Simply placing a pull down resistor will only load the output and drop the voltage a little, but yield not much positive. Depending on your signal frequency and your DAC sampling rate you might want to place a series resistor with a capacitor to ground as a lowpass filter (also called reconstruction filter) to eliminate noise from the DAC. If you output only DC (or very low frequencies) that might not be neccessary.
Additional remark: You want your output of the DAC to go as close as possible to ground. The DAC of your µC has an internal buffer that lowers the output impedance from something like ~18k to something between 2k and 3k. But I would not enable that in your case! You are driving a high impedance OpAmp, so you don't need the low impedance output. And the internal buffer can only go down to about 0.2V, while the DAC itself can drive the output directly to ground.


*1
Wether or not you really need a lowpass filter in front of your ADC depends a little (as it always is) on your exact specs. If the current you measure is almost constant and you are quite sure that the sampling rate of the ADC is faster than any changes in current you probably can skip it. But be aware that incoupling noise or fast changing current waveforms can lead to completly wrong measurements.
If you don't want to take that risk you need the filter. You can follow this procedure to design it:

  • Set the corner frequency of the filter to \$ f_c \leq \frac{f_s}{2} \$ , with \$f_s \$ beeing the sampling frequency. If your ADC takes one sample every ms, your filter has to cut of at a maximum frequency of 500 Hz.
  • Choose a reasonable combination of resistor and capacitor, to fulfill \$ f_c = \frac{1}{2 \cdot \pi \cdot RC}\$. Because the input impedance of your ADC is about 50k, you want the signal impedance to be not higher than about a 1/10 of that. If we set R = 5k, this gives us a C of 64nF for 500Hz. I would round to about 100nF. Because the voltage divider already gives you 3.1k you only need to add 1.9k in front of the capacitor.

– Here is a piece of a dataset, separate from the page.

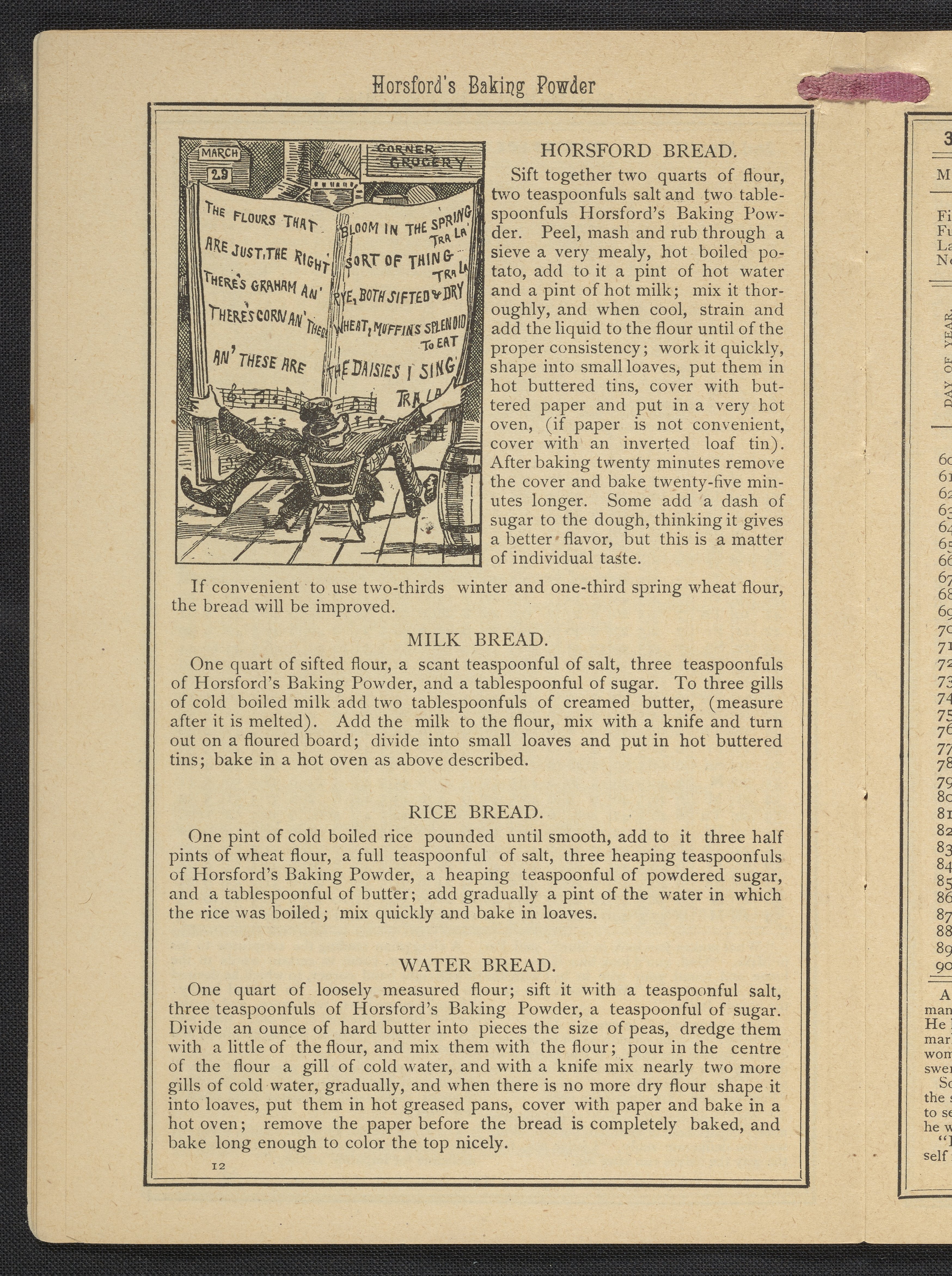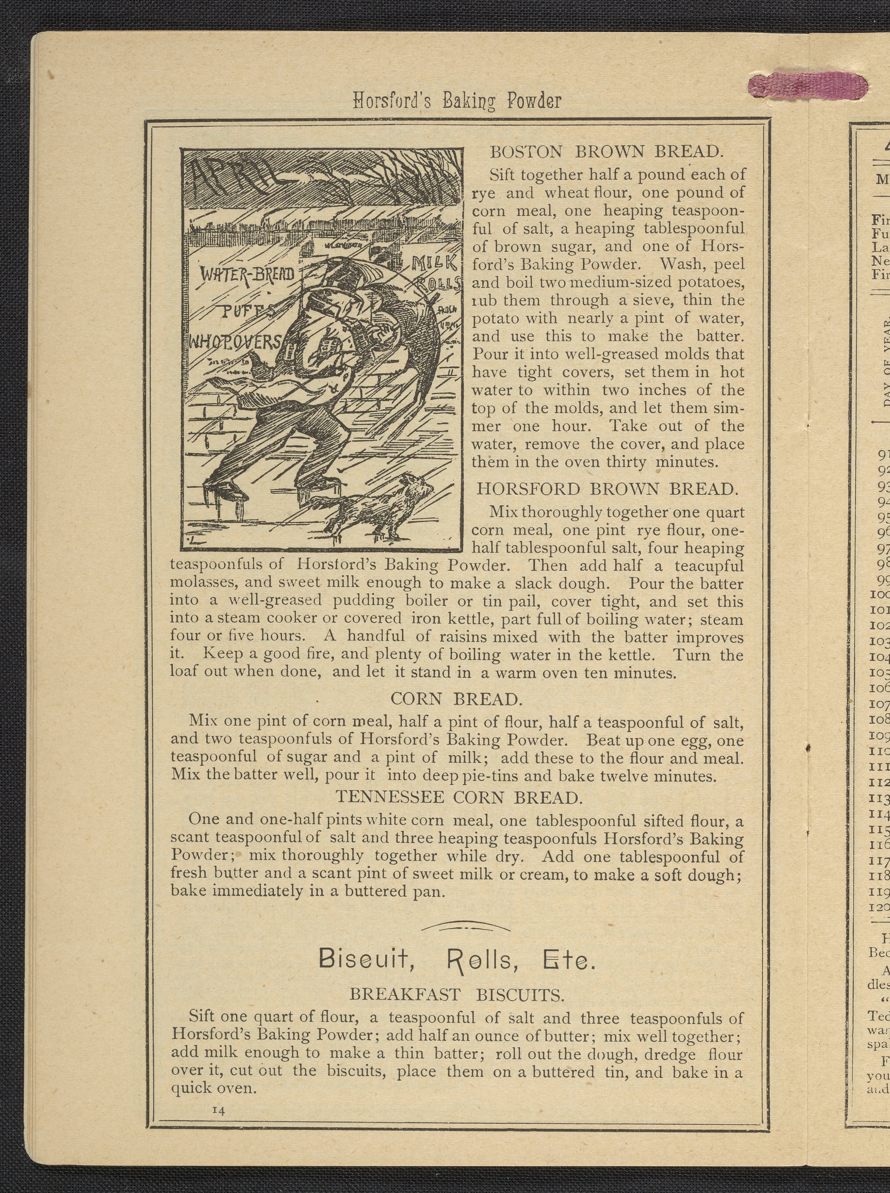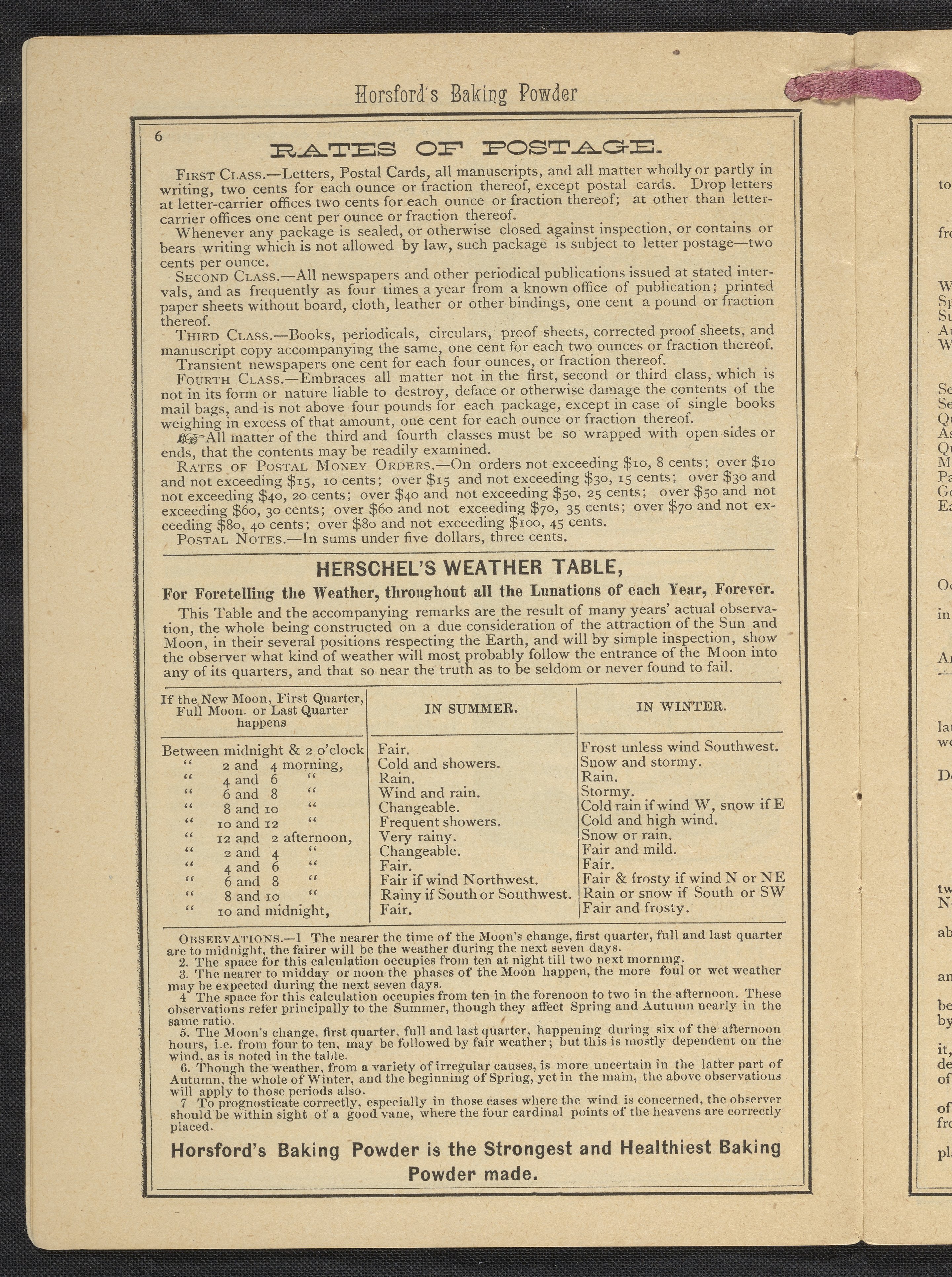 Small JPG1200 x 1669px — 634 KBLarge JPG2880 x 4005px — 3.2 MBFull-sized JPG3483 x 4843px — 4.4 MBOriginal fileTIFF — 3483 x 4843px — 48.3 MBPublished by Rumford Chemical Works, this almanac features advertisements for Professor Horsford's baking powder and acid phosphate along with other products manufactured by Rumford Chemical Works. Also includes "Herschel's Weather Table" for predicting the weather. Each month features recipes and/or household hints along with seasonal illustrations focusing on farming, baking, gathering fruit and baked goods.

The above is only a rough estimate. There are two important factors to keep in mind:

  1. The filter has a roll-off, it does not attenuate everything above the corner frequency to 0. The further \$f_c\$ is below \$f_s\$ the better.
  2. Even when the signal impedance is only a 1/10 of the ADCs input impedance you will get some voltage drop (signal impedance and ADC input form a second voltage divider). You have to determine how much you will allow the voltage to drop. This depends on your specs for resolution of the measurement.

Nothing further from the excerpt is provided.